Entonces, ni corto ni perezoso puso en práctica el plan que consistió básicamente en arrancar una rosa y colocársela sobre la oreja a Geni. Pero el muy bruto, aprovechando que estábamos todos sentados en un banco del parque frente a varios rosales, se levantó, se acercó al rosal que tenía más cerca, sacó una navaja y cortó una de las rosas más grandes y más feas que había; pero también se pinchó con una espina en la yema del dedo y se puso a sangrar como un cerdo. Luego, chupándose la sangre del dedo, se acercó a Geni y le encasquetó la rosa sobre la oreja y también la pinchó a ella con otra de las espinas que no se había molestado en quitar. Y además le manchó la cara de sangre con su dedo. Para colmo la rosa tenía pulgones, o sea, «bichos» para Geni, y entonces gritó horrorizada. Y por si eso fuera poco la rosa, que además de enorme estaba medio despeluchada, le quedaba fatal en el pelo porque Geni era pelirroja y la rosa no se distinguía bien al ser de color parecido y aquello no encajaba ni a tiros. 

Todo concluyó con la huida de Geni hacia su casa para lavarse y quitarse los bichos; la rosa tirada en el suelo totalmente deshecha y con los pétalos esparcidos; y para colmo, el guarda que cuidaba el jardín, y que nos tenía fichados, nos echó una bronca enorme a todos por vándalos y brutos y luego nos amenazó con denunciarnos a los guardias para que aprendiéramos a ser respetuosos, y si hubiera sido hoy habría añadido «con el medio ambiente».

José Luis estuvo dos días castigado en su casa sin salir porque sus padres se habían enterado del asunto y en aquellos tiempos estas cosas no se tomaban a broma.

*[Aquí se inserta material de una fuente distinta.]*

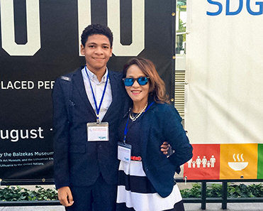 Moeder en zoon, mensenrechtenactivisten en onderwijzers, omhelzen de JvMR campagne.

Cuando volvió a aparecer me dijo que todo había sido por culpa mía, así que tuve que ponerle las pilas y le dije que la culpa había sido suya por hacerlo todo tan rematadamente mal y que la próxima vez tendría que hacerlo todo con más delicadeza y en privado, y no delante de todo el mundo y con prisas, el muy inútil. Le sugerí que probara con un pirulí de fresa, que solía dar muy buenos resultados, y más con Geni que era muy adicta a esas cosas. Al final lo hizo y consiguió que todo volviera a su cauce, más o menos, pero sobre todo porque a Geni solo le quedaba Poti en el grupo, lo cual era todavía peor. La cosa es que a partir de ese momento José Luis me consultaba todos los pasos que pensaba dar con Geni antes de darlos, por si acaso, pero como no tenía mucha iniciativa tampoco daba mucho trabajo con preguntas estúpidas.

F

Poco a poco las cosas con Piluca avanzaban y un día que estábamos jugando al escondite para variar, alguien dijo que había otros juegos más interesantes. Creo que fue Geni la que tuvo la ocurrencia, porque como su padre era médico pediatra y la niña tenía cierta costumbre de ver cómo se desarrollaba una consulta, no tenía nada de extraña la idea. 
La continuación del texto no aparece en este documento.